How about a trivial bit of FUN? ;)

Sounds like an interesting game, Kinky, you salacious slit, you. One of my favorite figures from the history of sex is the legendary Cleopatra, Queen of the Nile. Supposedly, she was such a prodigious fellatrix of the penises of Roman noblemen that the Romans nicknamed her the "myriad-mouthed." There's also a story about her letting mere commoners have a night of pleasure with her, during which she would do whatever the guy wanted. The catch was, at sun-up the next morning-- off with his head! Boy, I don't know if any pussy is that good!
:D

There's also dispute about her looks, with some saying she was fabulously beautiful, others saying she was at best just average looking-- but who's gonna tell a queen with absolute power she's ugly? Anyway, my question is, what's fact and what's fiction about Cleopatra? Know any good Cleo stories I haven't covered? Or make up your own hot fiction about her.
:p

Well, that's a GREAT historical SEX trivia question to asp, REDWAVE! *carefully refraining from tinting him*

Can anyone help me out with the seven taboo words that got avante-garde commedian Lenny Bruce dragged off stage and jailed around the middle of the last century? Also, is there any truth to the rumor that sadistic police threw him into the same cell with a pair of biker dykes and cheered while they raped Lenny's arse with dildos improvised from borrowed billy clubs?

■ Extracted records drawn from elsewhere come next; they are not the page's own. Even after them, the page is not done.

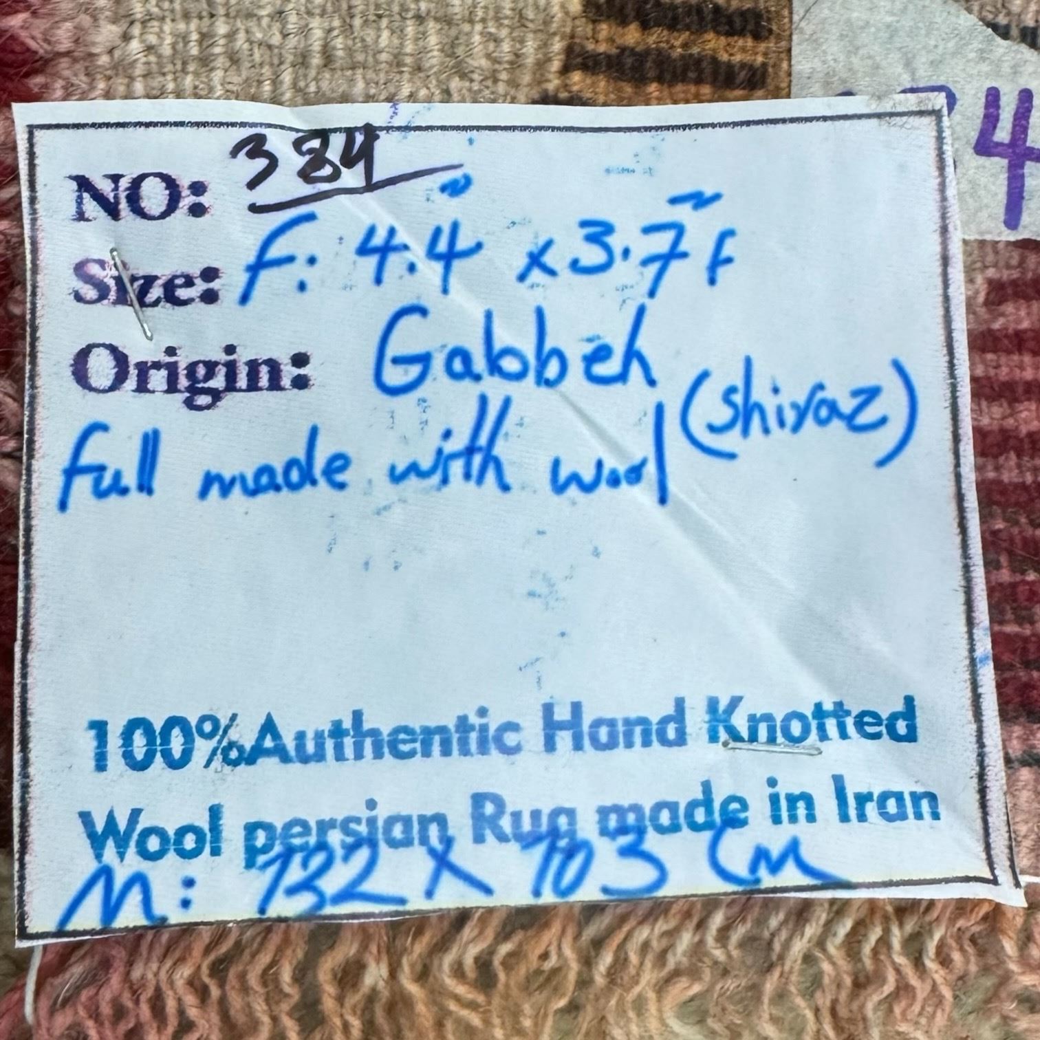 100% Hand Knotted Made in Iran 4'4"c3'7" Gabbeh Region Shiraz Wool Rug (384)
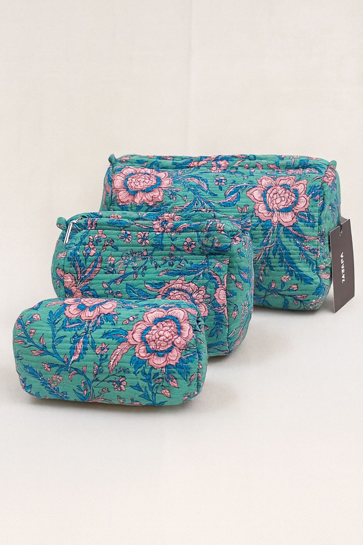 Green Floral Cotton Toiletry Pouch Set of 3 – Handcrafted Travel Makeup & Cosmetic Organizer Bags
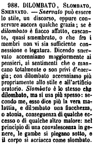 Dilombato, Slombato, Snervato - Dilombato si intende colui che, per debolezza di forze abituale o naturale, non regge a veruno esercizio. - Slombato è quasi accidentale e per più ragioni. - Snervato accenna fiacchezza minore, ma più generale. Tutte e tre si trasportano al figurato e specialmente allo stile: e Snervato è allora quello stile a cui manca la efficacia e la forza, ma non è al tutto vizioso: Dilombato è quando gli manca quasi ogni pregio di grazia e di colorito: Slombato è l'assoluta mancanza di forza, di grazia e di colorito. [immagine]
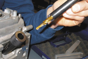 Mercedes gépjárműveken a beletört izzítógyertya kifúrásához és a menetesszár segítségével

The first few verboten words are easy to guess, probably: fXXk, SXXt, PXXs, CXXt[i/]; BUTT, then other obvious candidates like: cock, come, bitch, and mother are all used daily down home on the farm and as American as apple pie, so what were those other three little buggers?

Have FUN!

Lucky & Pixie

P.s. Whoever started that naughty rumor about us being Radioactive REDWAVE & Kin Ky?
 
_ A pair of doxies for you, RED & CRAZIES. Read 'em & eep. Hee, Hee, She!



Fuck, Shit, Piss, Cunt, Fart, Art, & Yayati. :cool:

There's ABSOLUTELY no doubt about those seven NASTY words, BUTT you're burping up the wrong bunghole about Cleopatties. SHE was a real class act and never did anything less naughty than an angel. ;)

 
_ Thanks for your VERY fine answer, you NASTY lil THANG!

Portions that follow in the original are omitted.